D: Man! You figured out a reason why Texas insists upon writing its own college and career-ready standards instead of adopting the Common Core State Standards Initiative?

M: Dude! Yes. As I was speaking with the children, they showed me their technologically advanced tablets and collection of books in their backpacks filled with juice boxes and dietary refreshments. They seemed to have it all. Except that their parents had deluded themselves into believing the tablets and books could take the place of parental interaction and encouragement. We live in a society, well at least in Republicans Rick Perry and Gregg Abbott and George Prescott Bush’s Texas, where parents seriously remain convinced that tablets and books can sustain their children alone. That is a terrible misperception.  

D: Man! When I oversee my nieces and nephews, I actually sit down and instruct them playfully in fundamentals like phonics and counting lunch monies. It’s really incredible how they become attached and actually anticipate my next visit. I get the older children to listen to me read classics like Nancy Drew and the Hardy Boys and Agatha Christie. They have become so accustomed to the books’ formats that they insist upon hearing the final chapter of whatever Agatha Christie mystery I’m performing at the moment because they know that the sleuths, whether Hercule Poirot or Miss Jane Marple, will dissect every detail as it actually happened in that last chapter.

M: Dude! That’s how I teach Sunday school. I read aloud one of Aesop’s fables to figure out the level of comprehension of the classroom and then proceed with reading my students passages from Pearl S. Buck’s 1971 nonfiction masterwork The Story Bible and 1962 fiction classic Satan Never Sleeps.

D: Man! Yes! No! No?

M: Dude! Overall, children deserve to become an intellectual summons for their guardians, especially with the presence of children’s librarians and books at public libraries across the United States. I still remember how surprised I was when I saw a poster of the rock star Sting promoting that Reading is fundamental from the eighties on the wall at the Fort Worth Public Library sometime in the nineties. The poster was situated near the nonfiction sciences section and the preteen magazines and comics and I interpreted the poster as a sign from above to try my shot at being able to read and comprehend botany to zoology alongside aeronautics and astrophysics.     

D: Man! The literary prizewinners were my favorite. I still remember finding out about Caldecott author-illustrators Marcia Brown and Chris Van Allsburg and Uri Shulevitz. What surprised me most was how the celebrated gold medalists in every category had received silver medals and tertiary honors before and after their respective wins. The same with the Newberry authors as well like Katherine Paterson and Russell Freedman and Betsy Byars. I still cannot forget the lessons on forgiveness and loss that I learned from those young adult novels and historical nonfiction. Betsy Byars’ The Pinballs still haunts me, the novel where one of the characters is accidentally run over by his father’s car in their suburban driveway and paralyzed as a result and then placed in foster care.     

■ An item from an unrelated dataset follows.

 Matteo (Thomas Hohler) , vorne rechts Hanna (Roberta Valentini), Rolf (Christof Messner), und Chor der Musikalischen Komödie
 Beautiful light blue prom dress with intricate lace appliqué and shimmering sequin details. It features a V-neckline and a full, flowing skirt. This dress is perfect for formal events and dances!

M: Dude! The Caldecott Books and the Newberry Books were invitations to learn more about the lives of the authors that these awards celebrated and honored as well as the writers who shared shelf space beside them.    

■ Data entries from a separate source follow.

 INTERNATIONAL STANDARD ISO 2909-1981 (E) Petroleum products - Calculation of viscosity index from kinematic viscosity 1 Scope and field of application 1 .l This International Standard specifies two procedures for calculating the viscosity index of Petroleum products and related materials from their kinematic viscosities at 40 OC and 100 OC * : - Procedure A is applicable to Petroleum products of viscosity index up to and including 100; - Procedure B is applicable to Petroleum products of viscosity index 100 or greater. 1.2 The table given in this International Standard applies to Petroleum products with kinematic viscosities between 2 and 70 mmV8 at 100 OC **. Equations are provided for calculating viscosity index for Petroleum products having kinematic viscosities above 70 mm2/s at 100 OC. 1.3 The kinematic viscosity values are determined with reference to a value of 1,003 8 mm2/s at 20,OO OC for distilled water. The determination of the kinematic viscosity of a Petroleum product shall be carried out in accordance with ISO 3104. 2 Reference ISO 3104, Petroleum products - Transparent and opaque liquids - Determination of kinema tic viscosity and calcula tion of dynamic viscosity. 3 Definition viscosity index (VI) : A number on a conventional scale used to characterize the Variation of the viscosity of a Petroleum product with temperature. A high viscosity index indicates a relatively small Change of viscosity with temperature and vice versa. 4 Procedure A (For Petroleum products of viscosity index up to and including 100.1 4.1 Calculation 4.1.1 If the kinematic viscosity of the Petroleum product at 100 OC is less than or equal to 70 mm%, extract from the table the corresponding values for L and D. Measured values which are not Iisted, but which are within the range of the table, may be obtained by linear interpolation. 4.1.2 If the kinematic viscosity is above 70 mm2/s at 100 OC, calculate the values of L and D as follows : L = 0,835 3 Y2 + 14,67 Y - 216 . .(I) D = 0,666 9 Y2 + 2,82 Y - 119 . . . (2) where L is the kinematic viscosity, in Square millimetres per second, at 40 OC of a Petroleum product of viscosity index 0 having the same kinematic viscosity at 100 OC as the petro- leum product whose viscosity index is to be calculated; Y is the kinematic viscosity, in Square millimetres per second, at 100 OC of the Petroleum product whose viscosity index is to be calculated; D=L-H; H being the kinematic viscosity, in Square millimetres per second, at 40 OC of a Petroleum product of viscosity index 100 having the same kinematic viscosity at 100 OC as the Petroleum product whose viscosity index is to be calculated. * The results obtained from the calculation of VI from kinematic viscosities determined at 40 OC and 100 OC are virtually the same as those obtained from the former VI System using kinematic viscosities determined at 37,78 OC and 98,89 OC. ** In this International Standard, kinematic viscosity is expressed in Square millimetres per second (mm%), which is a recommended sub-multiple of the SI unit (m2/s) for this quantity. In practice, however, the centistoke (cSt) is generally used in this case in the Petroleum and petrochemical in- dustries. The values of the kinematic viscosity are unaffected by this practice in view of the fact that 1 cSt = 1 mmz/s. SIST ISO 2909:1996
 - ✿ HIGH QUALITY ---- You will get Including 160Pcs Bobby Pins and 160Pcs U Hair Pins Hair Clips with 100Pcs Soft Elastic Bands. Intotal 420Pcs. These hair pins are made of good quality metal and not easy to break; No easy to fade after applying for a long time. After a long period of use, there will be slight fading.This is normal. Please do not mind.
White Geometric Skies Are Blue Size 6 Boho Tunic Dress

D: Man! Every adult must be able to read the literature children are bringing home because these books are truly breathtaking in their magnitude.

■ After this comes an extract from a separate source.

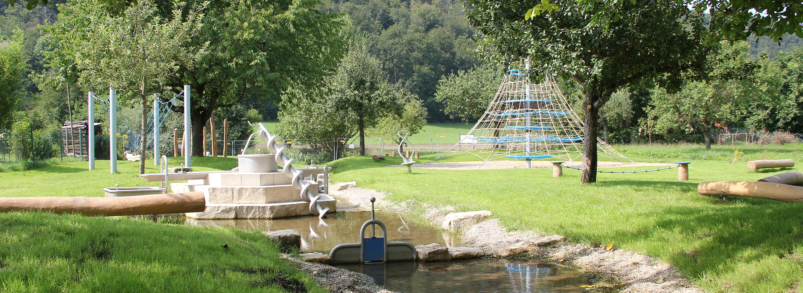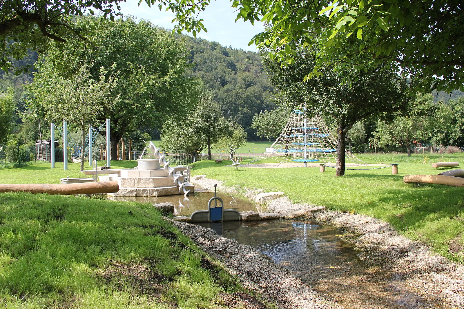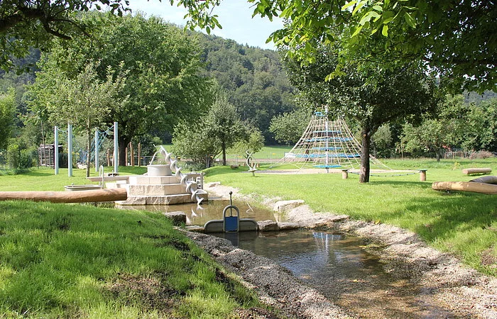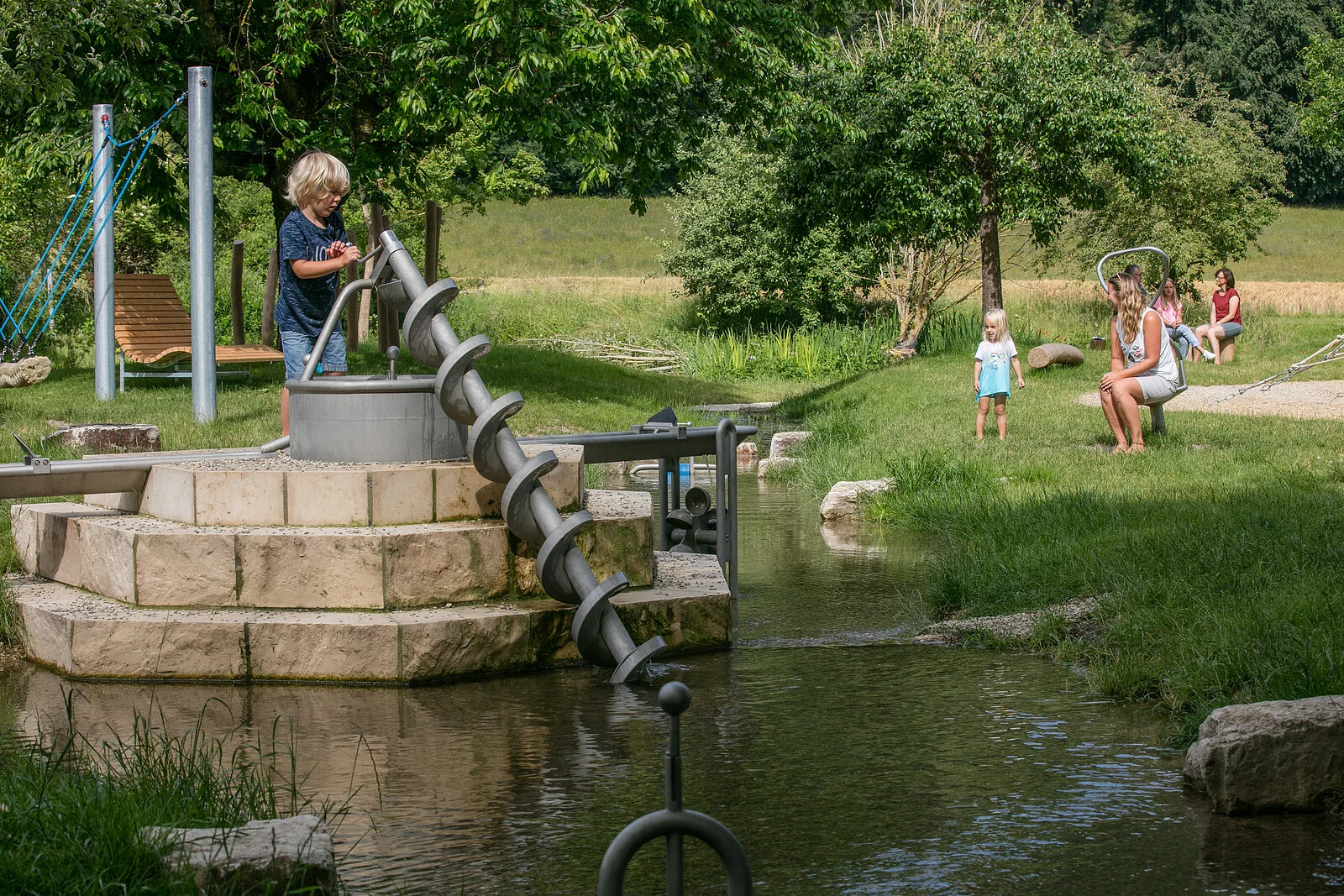 In Enkering ist ein Ort entstanden, an dem Kinder und Erwachsene über den gesamten Jahreslauf hinweg spielen können. Im Umfeld der vielen Gewässer und Quellen in Enkering wurde das Thema „Wasser“ zum Schwerpunkt des Spielbereiches. Der Mühlbach und die Sollache sind nun über einen neu geschaffenen, mäandrierenden Bachlauf miteinander verbunden, in dem die Kinder und Erwachsenen das Wasser im Jahreslauf in seinen verschiedenen Ausprägungen erleben können. Eingebaute Stauwehre, eine archimedische Schraube mit weiteren Gestaltungselementen sowie die mit Kies gestalteten Uferbereiche geben viele Anregungen, das Element „Wasser“ spielerisch zu entdecken und zu erfahren. Dabei soll auch das Bewusstsein für den wertvollen Rohstoff Wasser und die Umwelt gestärkt werden. Wie Treibholz liegen Langhölzer in dem in Wellen geformten Gelände, die zum Balancieren aber auch zum Verweilen einladen. Mit weiteren Elementen zum Klettern, Springen, Schaukeln und Balancieren können Kinder und Erwachsene ihre Sinne erproben, sich spielend bewegen, Abenteuer erleben. Die bereits vorhandenen alten Obstbäume sind ebenfalls in den verschiedenen Ausprägungen der Jahreszeiten zu erleben. So spenden sie an heißen Tagen wie in diesem Sommer kühlen Schatten. Bewusst hat das an der Gestaltung beteiligte Team auf eine Rutsche und andere Spielelemente verzichtet, da diese an weiteren Spielplätzen in der Umgebung zu finden sind. Sitzbänke laden zum Verweilen ein. Durch die Verbindung der beiden Gewässer geht es für alle Generationen „Von Bach zu Bach“ und „über Berg und Tal“ des hügelig geformten Geländes, das ab sofort zum Entdecken bereit ist.

M: Dude! And excellent icebreakers or conversation starters to just about any concern or topic you may have even as an adult trying to learn how to read and write yourself or process your own pain and suffering.

D: Man! Oppression takes many forms and this current media trend to reduce intellectual rigor in American society through excising individuals like David Letterman and Jay Leno from hosting late night talk shows and installing nil-wit small fries as their replacements is only one such example of lowering of public standards overall to accommodate the privileged plutocrats and their subordinate lackey politicians who are constructing a subservient idiocracy with their Republican Party and American Press Corps converts.


M: Dude! Small fries? I could use a Big Mac and Super Size Fries in Moscow right about now!